Each of stages can be in one of 6 statuses:

  • Scheduled - on next seed processing cycle, orchestrator will call corresponding stage orchestrator-agent API (prepare\backup\restore...) and orchestrator-agent will start executing stage. If API call will be successful, stage status will be updated to Running. If not - it will be updated to Error
  • Running - on next seed processing cycle, orchestrator will call orchestrator-agent API to get information about stage and save it to a database. Stage will stay in this status until orchestrator-agent will return that either stage is Completed, and it this case seed will be moved to next stage with Scheduled status, or there were some errors during stage and it's status will be updated to Error
  • Completed - just an information status. Orchestrator do not process seeds in this status
  • Error - on the next seed processing cycle, orchestrator will check, if the number of times stage was in this status is not more than a configurable threshold (MaxRetriesForSeedStage). If it is more - seed will be marked as Failed and won't be processed. If it is less seed will be restarted - moved to a Scheduled status of the current stage (one exception from this rule are errors during Backup stage. If an error was on this stage - seed will be restarted from Prepare stage, as some of the seed methods do important things on this stage - for example, socat is started on target agent during Prepare stage). If stage was executed on both agents, and only one agent had an error during execution orchestrator will abort stage on the second agent before restarting it
  • Failed - just an information status. Orchestrator do not process seeds in this status
  • Aborting - if user hits an Abort button in UI or uses Abort API, stage will be moved to this status. Orchestrator will try to call abort API on an agent (or both agents, if this stage includes them both). If it will be successful - seed will be marked as Failed and won't be processed. If not - on the next seed process cycle orchestrator will try to abort it one more time until it succeeds.

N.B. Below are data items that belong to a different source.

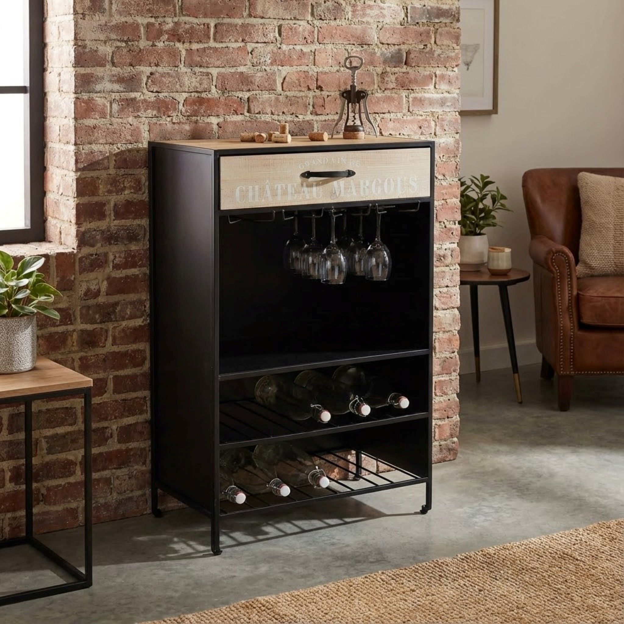 DIRK è un mobile portabottiglie dallo stile industriale perfetto. Con il suo piano d'appoggio, cassettino e portabicchieri sospesi, è l'ideale per conservare ed esporre le bottiglie preziose. I ripiani in metallo conferiscono un tocco rustico, mentre il ferro grezzo crea un'atmosfera unica e originale.test a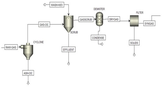 The purification section is carried out based on the main parameters from [31], using cyclone equipment, a gas scrubber, and a bag filter to remove solid tar residues and ashes, resulting in a synthesis gas free of impurities and residues. It is worth noting that the particle size, as explained in the assumptions, remains constant throughout the equipment, and, therefore, the separation of residues is based on the separation efficiencies of the equipment.
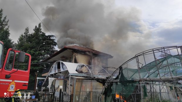 Η φωτιά εκδηλώθηκε νωρίς το απόγευμα της Παρασκευής στην οικία και στο φυτώριο που έχουν οι ιδιοκτήτες ακριβώς δίπλα.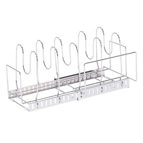 シンク下の引出しスペースに合わせて、ぴったりフィットするフライパンラックです。 フライパンだけでなく鍋も立てて収納できます。 |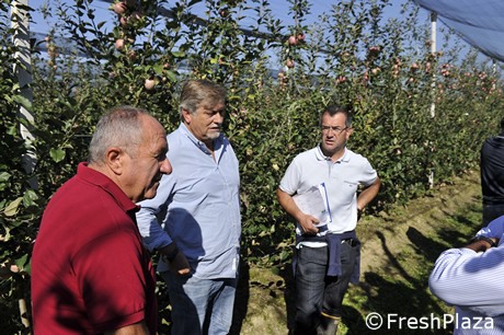 "Tagliani" was the first business visited. Orchard management is practically perfect and vigour is handled through root cuttings. "In 2015, yields have reached 57 tons per hectare and we expect them to be similar this year. Harvesting is carried out when the Brix level is at least 14°, starch degradation is 3.8 and hardness is 9 kg/sq cm."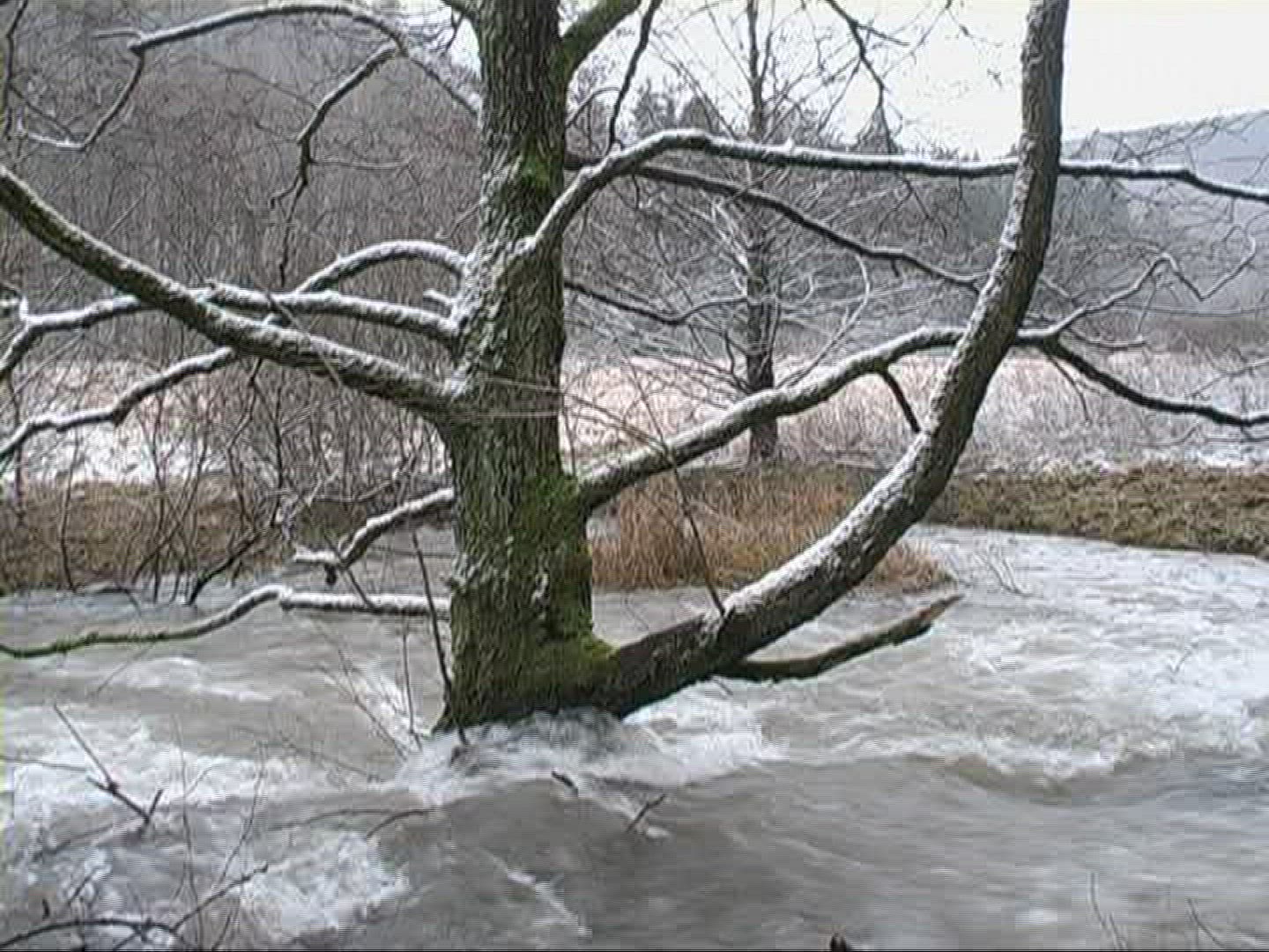> Flooded in snow covered landscape, Hurwenen, Gelderland, Netherlands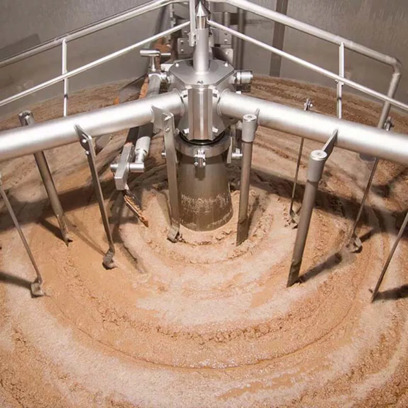 Filtering After mashing, we are left with a high-sugar liquid containing solid chaff particles. For the next step of the brewing process, we separate these residues, or ‘draff’, from the ‘wort’, with the chaff serving as a filtration layer. The draff is collected and distributed to dairy farmers. Once the mash has been filtered, we are left with the wort, a high-sugar liquid that will soon be turned into beer.

Seed is considered Active (that means it should be processed by orchestrator) only if stage is in Scheduled, Running, Error or Aborting statuses.

All seed processing is done using this function

func ProcessSeeds() []*Seed {
	activeSeeds, err := ReadActiveSeeds()
	if err != nil {
		log.Errore(fmt.Errorf("Unable to read active seeds: %+v", err))
		return nil
	}
	if len(activeSeeds) > 0 {
		inst.AuditOperation("process-seeds", nil, fmt.Sprintf("Will process %d active seeds", len(activeSeeds)))
		var wg sync.WaitGroup
		for _, seed := range activeSeeds {
			wg.Add(1)
			switch seed.Status {
			case Scheduled:
				go seed.processScheduled(&wg)
			case Running:
				go seed.processRunning(&wg)
			case Error:
				go seed.processErrored(&wg)
			case Aborting:
				go seed.processAborting(&wg)
			}
		}
		wg.Wait()
		inst.AuditOperation("process-seeds", nil, "All active seeds processed")
	}
	return activeSeeds
}

Which starts a new goroutine depending on status for each of the Active seeds and waits until all of them will complete.

So the overall process will look like:

  • /agent-seed/:seedMethod/:targetHost/:sourceHost 'orchestrator' API is called. Different pre-seed checks are done and if they are successful, new seed is created. It will be in Scheduled status in Prepare stage
  • ProcessSeeds() function is called by a timed routine. It will start processScheduled() function in a goroutine. This function will call /api/prepare/:seedID/:seedMethod/:seedSide on both orchestrator-agents and it these calls will be successful - it will update Prepare stage status to Running for both agents
  • ProcessSeeds() function is called by a timed routine. It will start processRunning() function in a goroutine. This function will call /api/seed-stage-state/:seedID/:seedStage on both orchestrator-agents and log the result. If both agents return, that they completed Prepare stage, it will be marked as Completed and seed will be moved to Backup stage in Scheduled status. If one of the agents hadn't completed stage, seed will be still on this stage and during next ProcessSeeds() function call processRunning() function will be run again, and it will call /api/seed-stage-state/:seedID/:seedStage on remaining agent. The process will be continued until both agents complete stage
  • ProcessSeeds() function is called by a timed routine. It will start processScheduled() function in a goroutine. This function will call /api/backup/:seedID/:seedMethod/:seedHost/:mysqlPort on one of the agents depending on seed method chosen. If this call will be successful - it will update Backup stage status to Running for an agent.
  • ProcessSeeds() function is called by a timed routine. It will start processRunning() function in a goroutine. This function will call /api/seed-stage-state/:seedID/:seedStage on an agent. If an agent return that it completed the Backup stage it will be marked as Completed and seed will be moved to Restore stage in Scheduled status.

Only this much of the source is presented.